Supporters say House Bill 5 will streamline the state's approximately 300 different local tax forms and make it easier for companies to do business in Ohio.
The Ohio House of Representatives approved the bill by a 56-39 vote on Nov. 13, and the legislation is now under consideration by the Senate.
Some Democrats and a number of cities oppose the bill on the grounds that it could lead to a loss of local tax revenue, on top of the loss of the estate tax and cuts to the state's Local Government Fund.
Kessler said he supports the goal of simplifying the tax code and making it more appealing for businesses to operate in Ohio, but the lost revenue that could result is "the reason municipalities have mixed feelings about House Bill 5."
Kessler said he does not have specific numbers of how much Bexley stands to lose if HB 5 becomes law or what city services or programs might be affected.
Estimates of potential lost revenue vary by city, from $10,000 to more than $2 million.
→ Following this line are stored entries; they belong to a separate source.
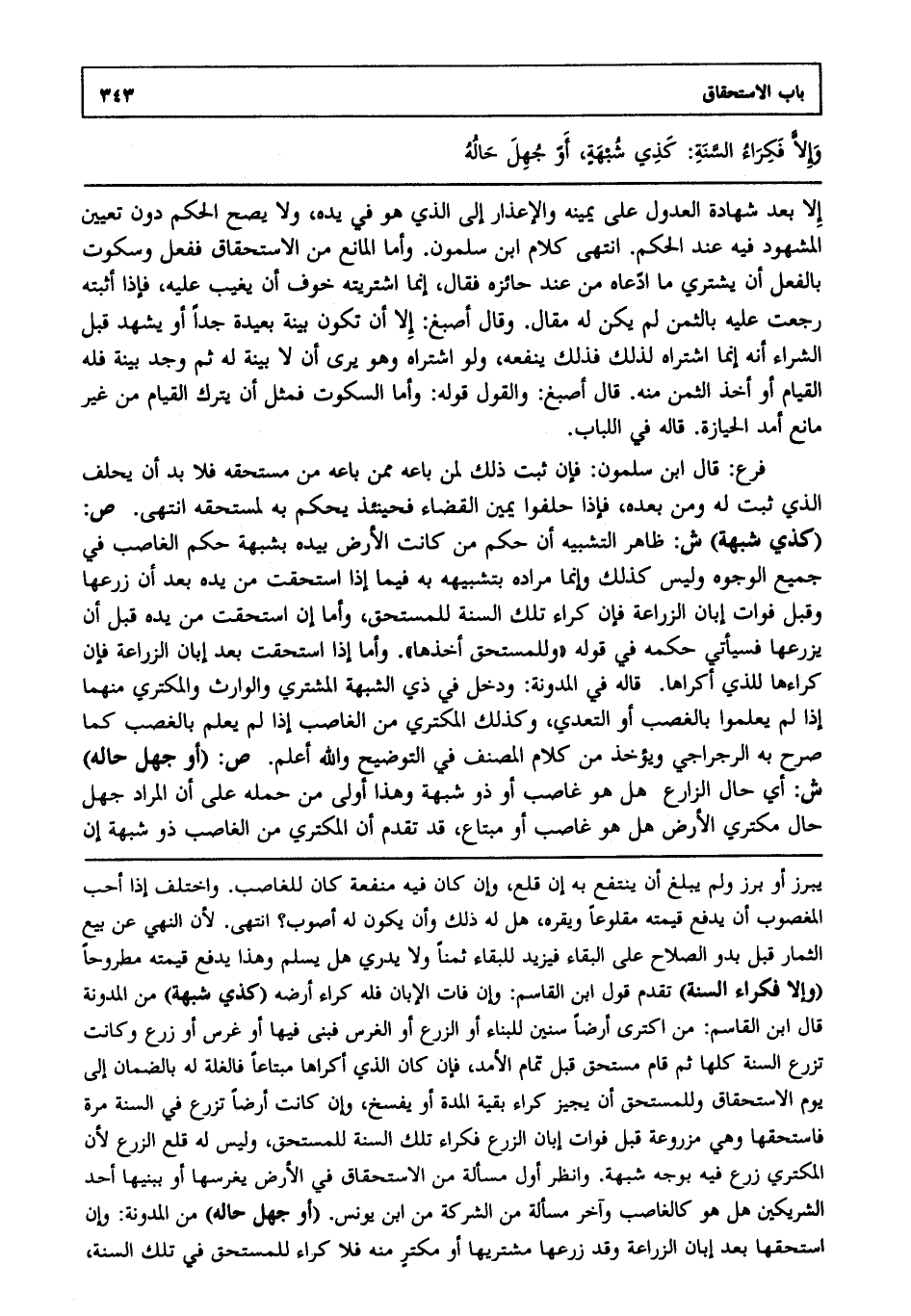 فرع: قال ابن سلمون: فإن ثبت ذلك لمن باعه ممن باعه من مستحقه فلا بد أن يحلف الذي ثبت له ومن بعده فإذا حلفوا يمين القضاء فحينئذ يحكم به لمستحقه، انتهى. ص: (كذي شبهة) ش: ظاهر التشبيه أن حكم من كانت الأرض بيده بشبهة حكم الغاصب في جميع الوجوه وليس كذلك وإنما مراده بتشبيهه به فيما إذا استحقت من يده بعد أن زرعها وقبل فوات إبان الزراعة فإن كراء تلك السنة للمستحق وأما إن استحقت من يده قبل أن يزرعها فسيأتي حكمه في قوله: "وللمستحق أخذها". وأما إذا استحقت بعد إبان الزراعة فإن كراءها للذي أكراها قاله في المدونة ودخل في ذي الشبهة المشتري والوارث والمكتري منهما إذا لم يعلموا بالغصب أو التعدي وكذلك المكتري من الغاصب إذا لم يعلم بالغصب كما صرح به الرجراجي ويؤخذ من كلام المصنف في التوضيح، والله أعلم. ص: (أو جهل حاله) ش: أي حال الزارع هل هو غاصب أو ذو شبهة؟ وهذا أولى من حمله على أن المراد جهل حال مكتري الأرض هل هو غاصب أو مبتاع؟ قد تقدم أن المكتري من الغاصب ذو شبهة إن
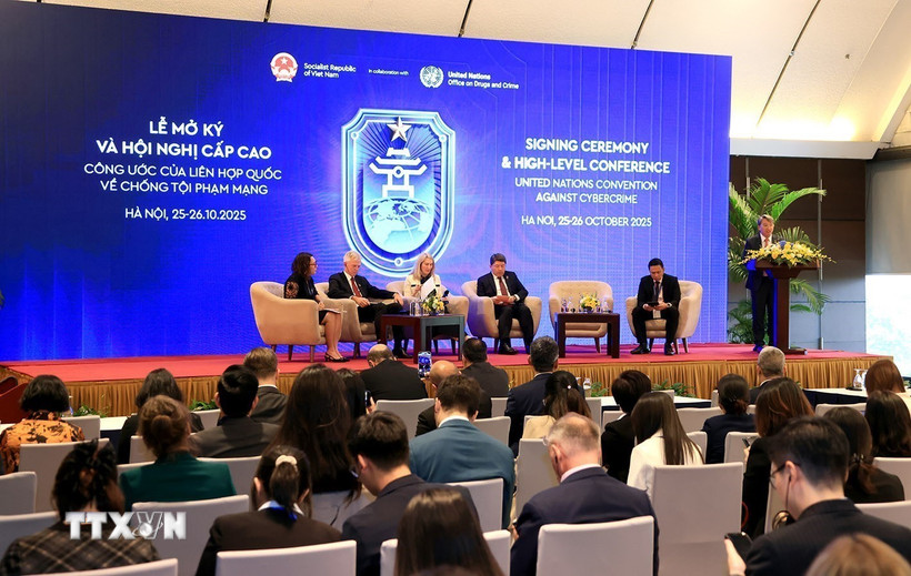 Quang cảnh một phiên tọa đàm trong khuôn khổ Lễ mở ký và Hội nghị cấp cao Công ước của Liên Hợp Quốc về Chống tội phạm mạng (Công ước Hà Nội)
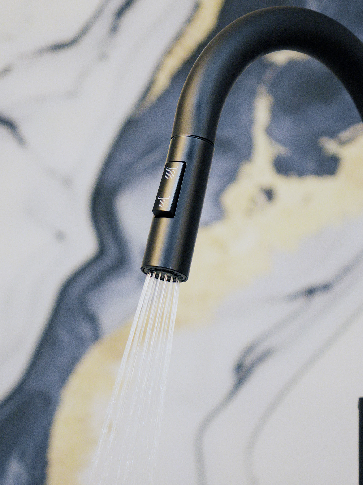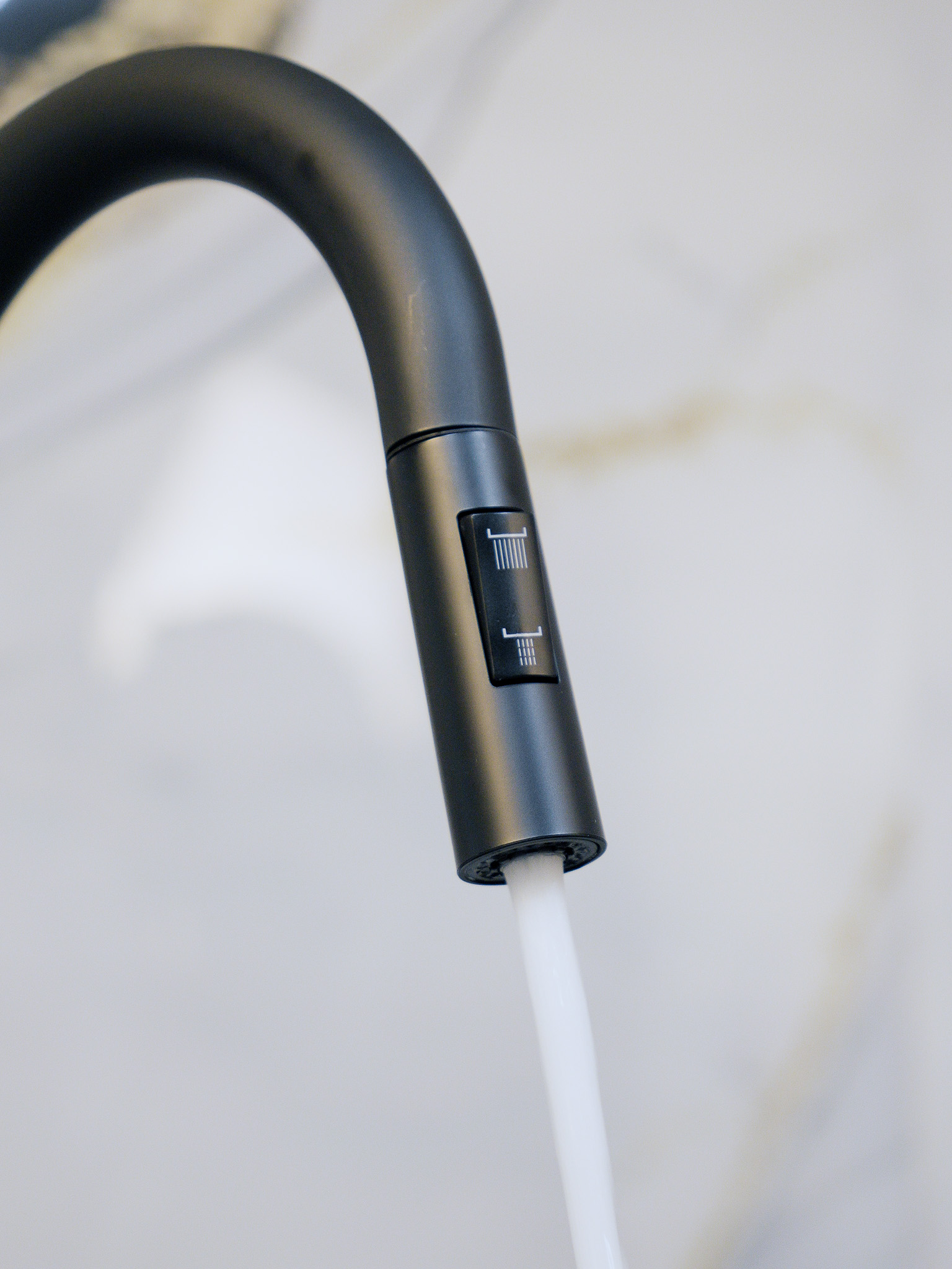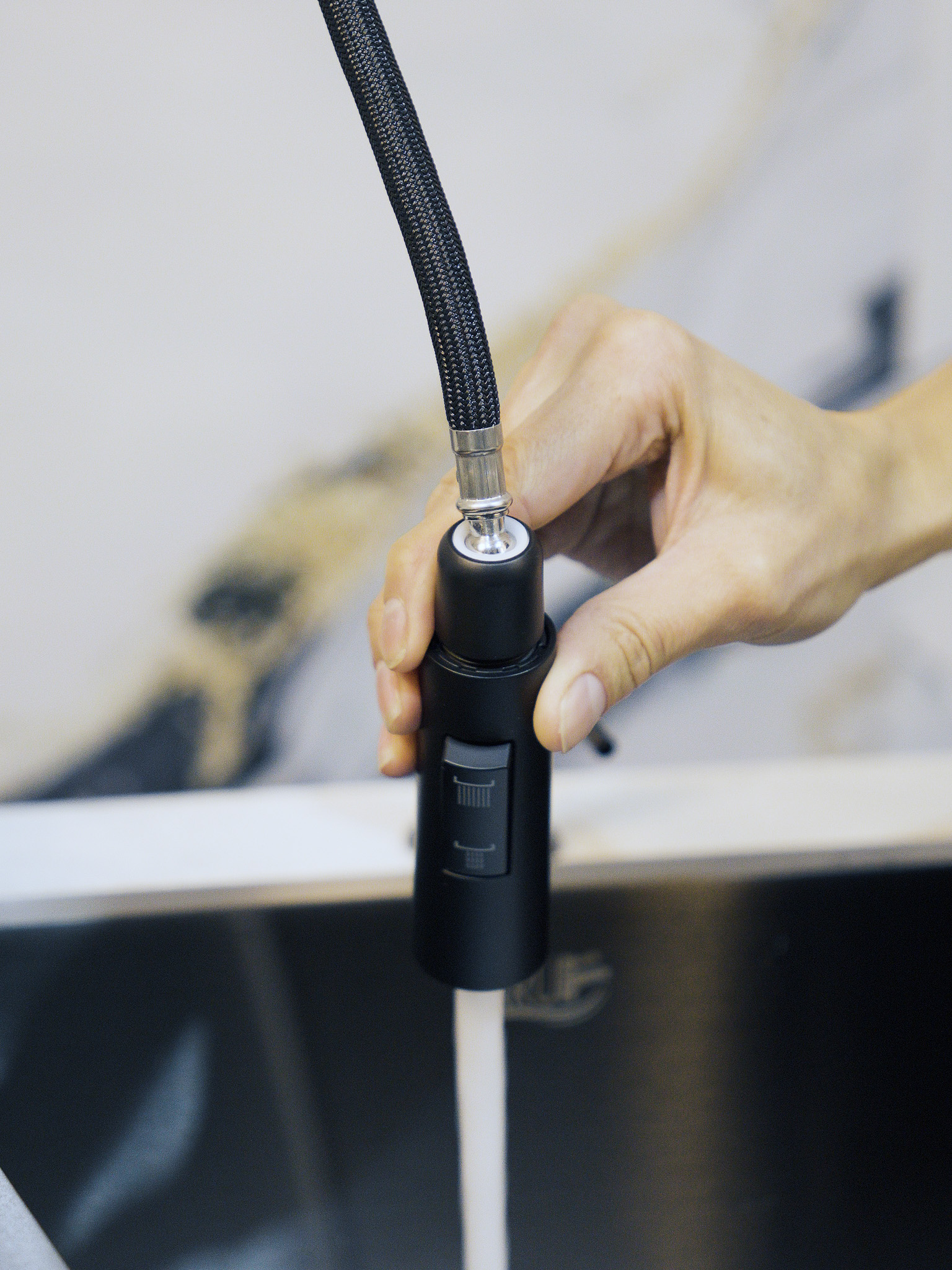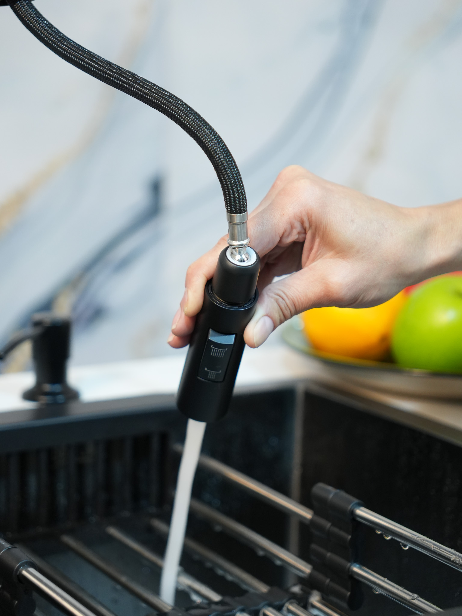 Grifo extraíble fabricado en acero inoxidable 304, extraíble hasta 60cm, poma doble, función chorro y regadera, acabado negro mate.

State Rep. Michael Stinziano, a Columbus Democrat whose district includes Bexley, is among the legislators who voted against HB 5. He discussed the potential impact of the bill during a Nov. 7 town hall meeting at the Bexley Public Library.
Stinziano said he found it challenging to balance the interests of business leaders who supported the bill with those of municipalities and other constituents who say it could lead to lost revenue.
"Normally in Columbus, in particular, all of these (constituents) battle in the same direction, and we're not there right now," Stinziano said during the town hall meeting.
Kessler said he's spoken with Stinziano several times about HB 5 and its potential impact on Bexley.
"I think he understands the city's position," Kessler said. "It's like any piece of legislation -- it has its upsides and its downsides."
One of the provisions in HB 5 that has garnered opposition is a requirement that cities allow businesses to carry forward net operating losses. Instead of claiming a net operating loss in the year it was incurred, a business could apply it to future years to reduce its tax liability. The allowable carry-forward amount would start at 50 percent in 2017 and increase to 100 percent in 2022.
Bexley is one of several cities in Franklin County that do not allow businesses to carry forward these losses.
Kessler said he, city council members and other city administrators will continue to evaluate the consequences of HB 5, and whether any revisions are added to the bill as it moves through the Senate.
Bexley has already done as much as possible to maximize efficiencies and make up for losses in state funding, Kessler said.
"We're going to be very cautious as to how to protect our income stream," he said.
He added that reductions in state funding amount to "passing on the burden locally, and something has to give."